Months 3–6: Appoint first woman director(s); run induction + training.
Months 6–9: Evaluate progress; incorporate diversity KPIs into committee reporting.
Months 9–12: Publish first annual diversity disclosure; iterate policy and target next appointments.


11. FAQs

Q1: Is board gender diversity mandatory in Nepal?
A: There is no blanket legal quota for all companies under the Companies Act. However, SEBON directives for listed companies and NRB expectations for BFIs make diversity and transparent board composition a regulatory priority. Many companies adopt voluntary targets or policies.

Q2: What counts as an independent director under Nepal law?
A: The Companies Act defines independent director criteria (e.g., no material pecuniary relationship with the company). SEBON also sets standards for listed companies; always check the current definitions in the Act and SEBON directives.

Q3: Will appointing women directors increase legal risk?
A: No — properly vetted and inducted directors reduce governance risk. Appointments must follow fit-and-proper procedures (especially for BFIs). Token appointments, however, may raise reputational concerns.

Q4: Should diversity targets be published?
A: Yes — publication improves accountability and investor confidence. For listed companies, align disclosures with SEBON guidance. Publishing also helps attract candidates who value transparent governance.

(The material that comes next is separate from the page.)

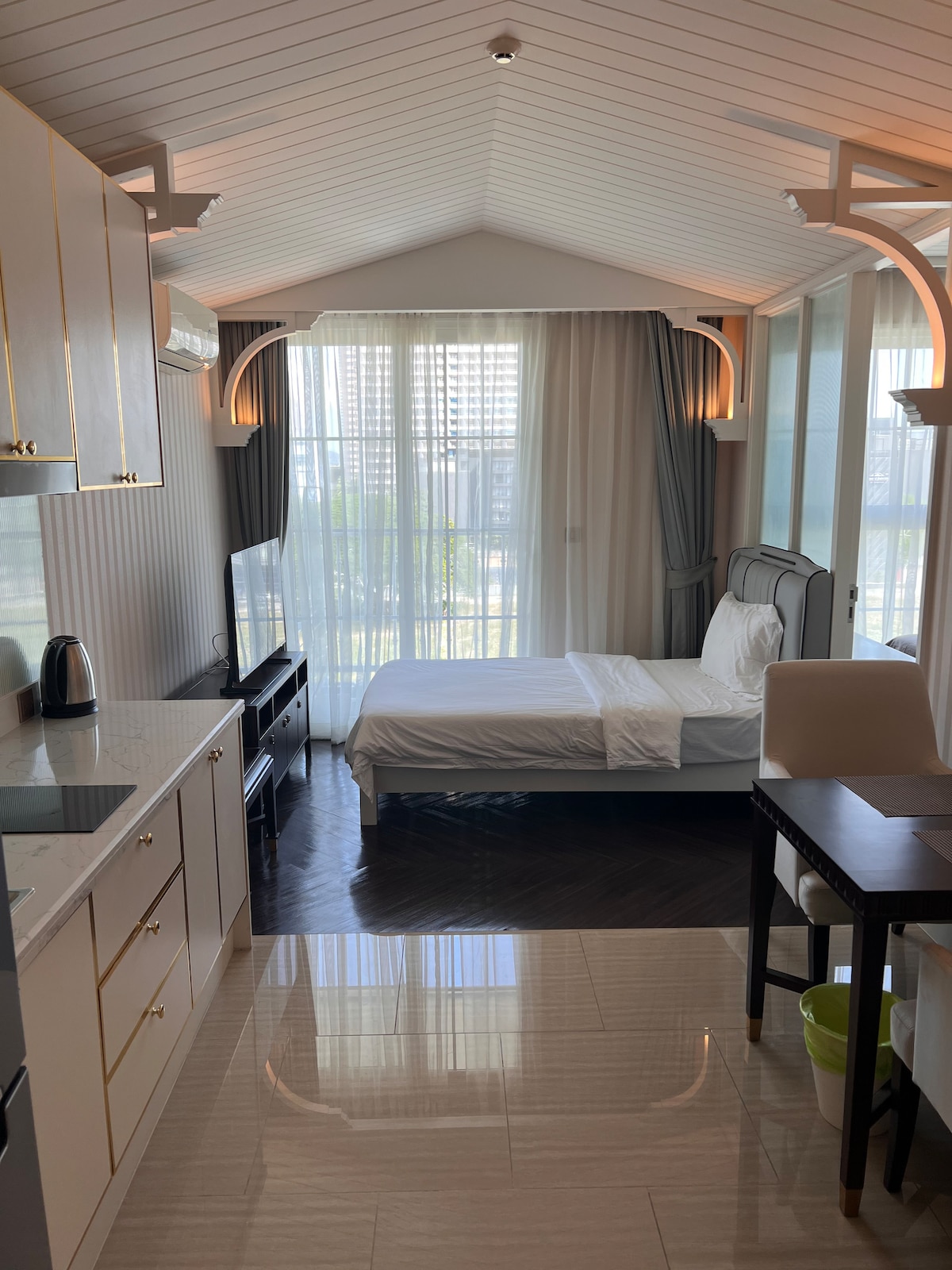 This is perfect place for holiday, you can walk to beach directly, enjoy large water park and many facilities. Room - 1 king size bed (6 ft.) - built in kitchen with hood & electronic cooker - refrigerator, microwave, kettle Facilities - Swimming pools with water park style with 2 sliders - artificial wave (Weekend only) - Indoor therapy pools - Huge Gym, Yoga room, Boxing room - Game room - Kids club - Beach access

Q5: What incentives can boards use to promote diversity?
A: Positive incentives include director development programs, reasonable remuneration, committee leadership opportunities, and transparent succession planning. Linking progress to KPIs for the Nomination Committee or senior management can also help.


12. Recommendations

  1. Present a short Board Resolution and draft Board Diversity Policy for board approval within 30 days.
  2. Update the Nomination Committee TORs to include diversity responsibilities and reporting.
  3. Start an immediate search for at least one qualified woman director (use networks & search firms).
  4. Prepare a one-page disclosure for the next annual report describing targets and implementation timeline.
  5. For BFIs, liaise with NRB on fit-and-proper requirements before finalising appointments.

Conclusion

Board diversity and gender diversity policies are not merely compliance projects — they are strategic levers for better governance, risk management and investor confidence in Nepal. For lawyers advising boards, the work is practical: draft clear policies, ensure regulatory alignment (Companies Act, SEBON, NRB), design measurable targets, and create the operational pipeline to recruit, train and retain diverse directors. Companies that act now will gain governance robustness and a competitive reputational edge.